→ TASK STATEMENT
Write out all the records exactly, and keep any images out.

→ MATERIALS PROVIDED
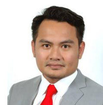
(+ Corresponding author)
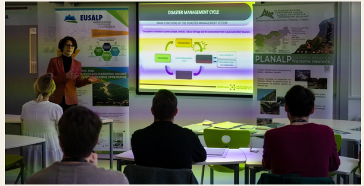
EUSALP YC at work
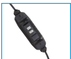
Secured plug 10 mA 100% safe against electrical hazards. Integrates a differential circuit breaker 10 mA.
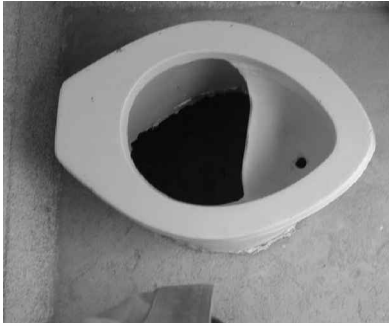
Top view of a urine-diverting pedestal. Moulds for casting were obtained from César Añorve, CITA (Centro de Innovación en Tecnología Alternativa, Cuernavaca, Mexico)

efficient biodegradation, which requires moisture levels of 40–60 per cent. 6,7 On the other hand, the dehydrating system had only 7 per cent moisture at four months (see Table 2), which is appropriate for a desiccating system. Thus, in terms of moisture content, the dehydrating system was performing better than the biodegrading system.

→ REPLY TO THE EXERCISE
(+ Corresponding author)
EUSALP YC at work
Secured plug 10 mA 100% safe against electrical hazards. Integrates a differential circuit breaker 10 mA.
Top view of a urine-diverting pedestal. Moulds for casting were obtained from César Añorve, CITA (Centro de Innovación en Tecnología Alternativa, Cuernavaca, Mexico)

efficient biodegradation, which requires moisture levels of 40–60 per cent. 6,7 On the other hand, the dehydrating system had only 7 per cent moisture at four months (see Table 2), which is appropriate for a desiccating system. Thus, in terms of moisture content, the dehydrating system was performing better than the biodegrading system.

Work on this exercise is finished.